Published: April 2022
https://www.oreilly.com/library/view/learning-modern-linux/9781098108939/
洋書。2023年4月7日に和訳が出るそうです。 一部訳した本の宣伝: 「入門モダンLinux」 - 覚書
どんな本?
主に開発者などの専門職の人を対象に、よりうまくLinuxを使うための知識やハンズオンガイドが提供されています。

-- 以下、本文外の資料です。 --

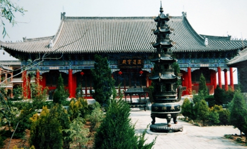 圆通法师主持化度寺以来,为恢复古刹原貌,重现当年的盛况,圆通法师四处奔波,广结善缘,于1993年10月赴新加坡等国讲经说法,宣扬党的宗教信仰自由政策,先后成功从国外募化资金900万余元,建成西北第一大仿清建筑的圆通宝殿、五间两层藏经楼、三圣殿、天王殿、玉佛殿、山门及东西配房等,并礼请回一口世纪仿古铜钟和6.8米高的世纪宝鼎,一举改变了“昔日老庙破僧房,门前蒿草长过墙,风中欲灭残烛泪,飞雀收趐落殿堂”的破败旧貌。新建的山门庄严肃穆,楼阁飞檐重叠,殿堂雕梁画栋,佛像贴金披彩,气势恢弘,环境清幽,香火缭绕,晨钟暮鼓,不绝于耳,使这方千年佛教圣地重现光彩,成为广大信众旅游观光、进香礼佛的一大人文景观。

Linuxのアーキテクチャから始まり、プロセスやメモリなどのリソース管理、ネットワーク、ファイルシステムなどのカーネルに関する概略がわかりやすく説明されていました。もちろん「使う」ためのガイドもあり、シェルやパッケージ管理、アクセス制御など広くカバーされています。

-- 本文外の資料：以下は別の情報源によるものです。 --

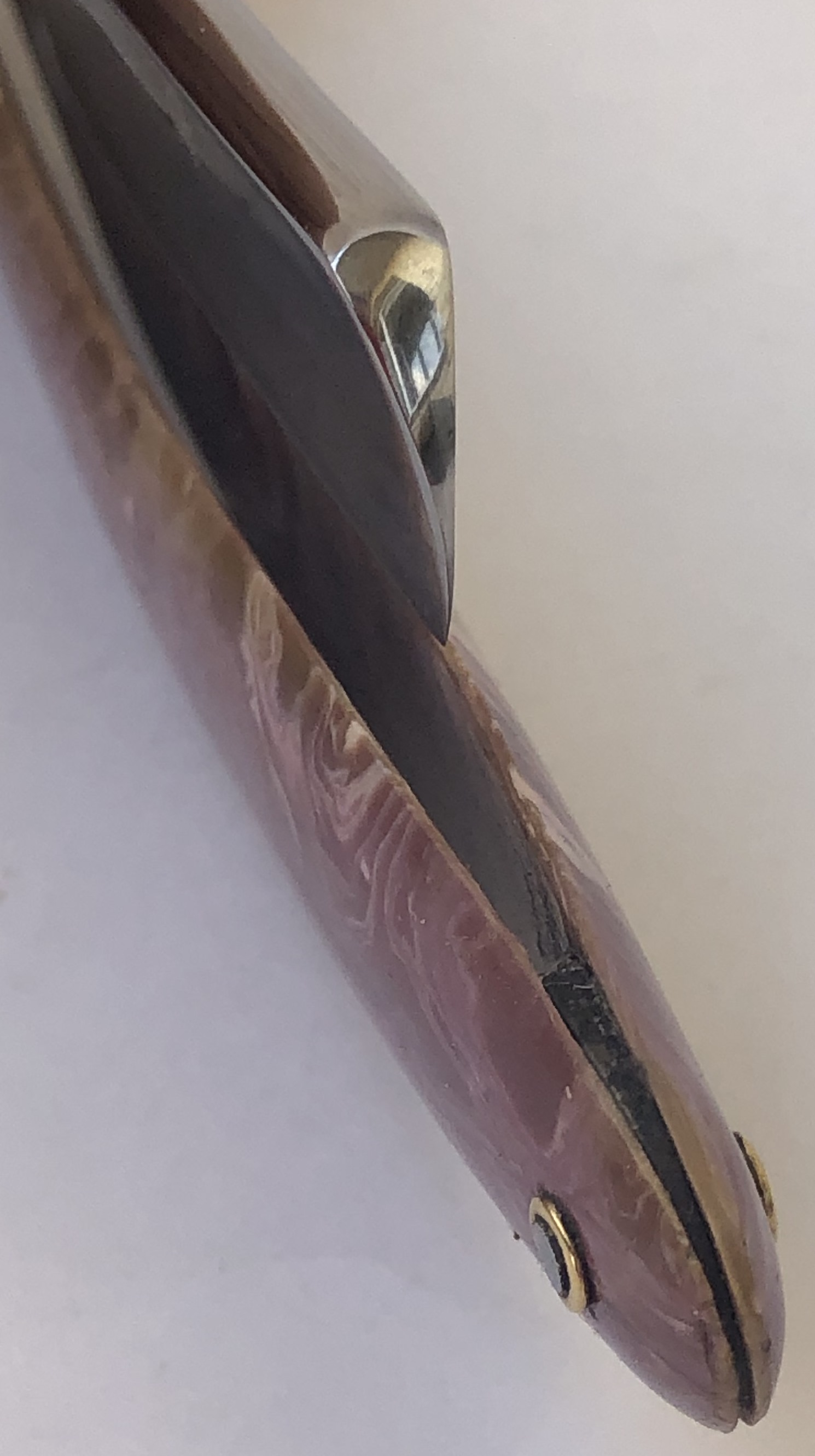 Получил вчера бритвочку *Арт.Бритва*.Убитая немного,но интересная.Клеймо такое еще не встречалось-модель 75.Год выпуска не указан,пластик на рукоятке светлый очень,даже какой-то розоватый.Стоит клеймо 2с.Предполагаю,второй сорт из-за замина на обушке сверху(как бы приплюснут)и эрль немного отклонен от лезвия с сторону,хотя само лезвие ровненькое,т.е.геометрия его вполне нормальная.Видно,что от пасты лезвие поуточилось местами,да и следы наждака обнаружил.Обух-4.1мм,длина клинка-7,3мм.Ширина:пятка-15,2мм,самое уточеное место-14.3мм,носик-14,7мм.Интересен еще и клинышек.он абсолютно прямой.бритва,по моему мнению,не разбиралась,пины родные,медь.Я сначала разобрал,не подумал сфотографировать в неразобраном виде.Потом дошло только.

Linuxの入門書では珍しく(?)、Observabilityに関して一つの章が割かれていたことも印象的でした。
”Modern” とは?
文中で明言はされていませんでしたが、読んだ感想としてはおそらく「近年のインフラや環境で実行されている」のような意味と思われます。
Linuxは歴史のあるOSで、進化し続けています。そのため、古くなってしまって置き換わりが発生する仕組みもあるようです。例えば find + grep の「Modern」な代替として rg が紹介されていたり、コンテナ環境での不変性に重きがおかれたディストリビューションが紹介されていたりしました。
豊富なハンズオン
Linuxの解説なのでコマンドが多数紹介されているのですが、それと同時に実際に使って動きを確認できるよう、コマンドサンプルも載せてあります。コンテナの解説時にはDockerfileやビルドコマンドも載せてあるため、そのまま動かすことができました。
また、ScriptingやAccess Controlの章では(Bestではなく)Good Practicesも紹介されており、よりうまく使うことのできる道が示されているところも良かったです。コマンドを使ったレシピ集という付録があるのも助かりますね。
さいごに
本書はカバーしている範囲が広いため、各トピックの内容は概略的なものに留まっています。しかし各章の最後には「もっと深く知るには」とリソースの紹介がされており、深堀りする道も用意されているところがとても良いと思いました。
これからLinuxを学習する方はもちろん、最近の事情には疎いなぁと思っている方にもオススメしたい本です。